VI

—Geralt —dijo Jaskier, mirando a su alrededor y olisqueando como un sabueso de caza—. Aquí apesta, ¿no te parece?

—¿Yo qué sé? —El brujo aspiró—. He estado en lugares en los que olía peor. Esto no es más que el olor del mar.

El bardo dio la vuelta a la cabeza y escupió por entre las rocas. El agua borboteaba en los rompientes, haciendo espuma y siseando, dejando al descubierto hoyas llenas de guijarros y pulidas por las olas.

—Mira qué bien que se ha secado todo esto, Geralt. ¿Dónde se ha metido esta agua? ¿Qué es lo que son estos flujos y reflujos, joder? ¿De dónde salen? ¿No has pensado nunca en ello?

—No. Tengo otras preocupaciones.

—Pienso —Jaskier tembló ligeramente— que allá, en lo profundo, en el mismo fondo de este maldito océano, está sentado un enorme monstruo, una masa gorda, escamosa, un sapo con cuernos sobre su horrorosa cabeza. Y cada cierto tiempo llena la tripa de agua, y con el agua todo lo que vive y se puede comer: peces, focas, tortugas, todo. Y luego, una vez que ha quedado satisfecho, mea el agua y ya tenemos la marea. ¿Qué piensas de esto?

—Pienso que estás tonto. Yennefer me dijo una vez que las mareas las produce la luna.

Jaskier se rió.

—¡Vaya una sandez! ¿Qué tendrá que ver la luna con el mar? Los perros aúllan a la luna, y nada más. Te la dio con queso, Geralt, esa mentirosilla tuya, se burló de ti. Y por lo que sé, no por vez primera.
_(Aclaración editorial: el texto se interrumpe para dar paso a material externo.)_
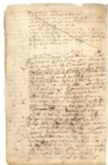
Power of attorney from Huygen Broers to collect wages from the West India Company (NYSA_A0270-78_V2_158b)
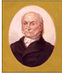
6. J Q ADAMS
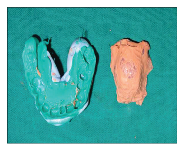
Figure 6: Disassembled final impressions
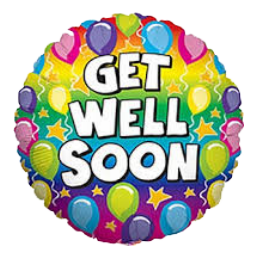
To all who are ill May the Lord bless, show kindness, grant health and peace to everyone

Share the news of your family or of our community and their family*
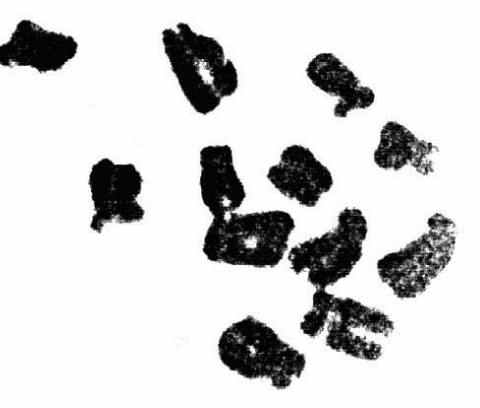
Figure 1 Metaphasis at Vicia sparsiflora Ten.

The chromosomes pairs I, II, III have the branch ratio between 3.20 and 5.06; they are from subtelocentric type. The chromosomes pairs IV, V, and VI, have the branch ratio between 2.37 and 2.72, being from submetacentric type (Figure 1, Figure 2, Figure 3).
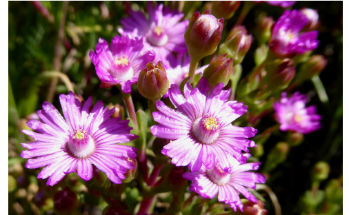
Upright, semi-woody succulent; long-established garden discard in Koitiata dunes, Turakina. Photographer: Colin C. Ogle, Date taken: 03/10/2015, Licence: CC BY-NC.
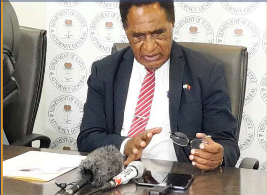
DJAG Media Team Undergo First Drone Pilot Training

El brujo no comentó nada. Miró a las rocas brillantes de humedad que habían surgido tras el reflujo. Todavía se retorcía en ellas el agua llena de espuma, pero parecía que se podía pasar.

—Venga, al tajo —dijo levantándose y colocándose la espada de su espalda—. No podemos esperar más porque no nos daría tiempo antes de la subida de la marea. ¿Aún tienes ganas de ir conmigo?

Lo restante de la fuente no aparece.